BEIRUT
Lebanon has not done enough to enact economic reforms, its Finance Ministry cited a World Bank official as saying on Friday, pointing to the impending challenge of bringing its massive debt under control.
“These reforms, despite having started, do not rise to the expected level and this is what we have said with all frankness to the Lebanese government,” said World Bank MENA vice president Ferid Belhaj, according to a Finance Ministry statement.
The bank and other international lenders helped arrange pledges of $11 billion in soft loans and aid at a conference in Paris a year ago to build new infrastructure, but said the money depended on reforms.

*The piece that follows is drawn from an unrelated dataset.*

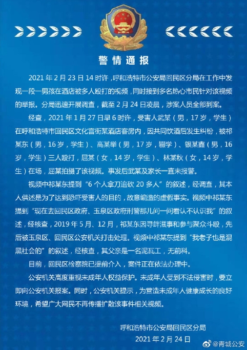 中新网2月24日电 据内蒙古自治区呼和浩特市公安局官方微博消息,2021年2月23日14时许,呼和浩特市公安局回民区分局在工作中发现一段一男孩在酒店被多人殴打的视频,同时接到多名热心市民针对该视频的举报。回民区分局迅速开展调查,截至2月24日凌晨,涉案人员全部到案。

The government agreed to the proposed reforms, including big cuts in deficit spending, but it was not able to act for much of last year because of political wrangling after May’s election.
Prime Minister Sa’ad Al Hariri’s new coalition government started working last month, pledging to enact the reforms swiftly. However, it has not yet passed a budget for 2019 or any of the promised changes.
Hariri, who returned to Lebanon on Thursday after a “precautionary” heart operation in Paris, has pledged to reduce the budget deficit as a proportion of gross domestic product (GDP) by 5 per cent over five years.
Lebanon has one of the world’s largest public debt burdens, equivalent to about 150 per cent of GDP.
Last week, Finance Minister Ali Hassan Khalil issued a circular, seen by Reuters, ordering government departments to freeze new spending on everything except salaries and transport costs.
The World Bank has said the most urgent reforms needed are to the electricity sector, which has been unable to provide 24-hour electricity for decades.
Because the power plants use expensive fuel oil and consumer tariffs are low, the state spends $1 billion-1.5 billion a year subsidising the sector, the government said last year.
A plan to improve service and reduce state spending on electricity by installing more efficient generators is being reviewed by the cabinet.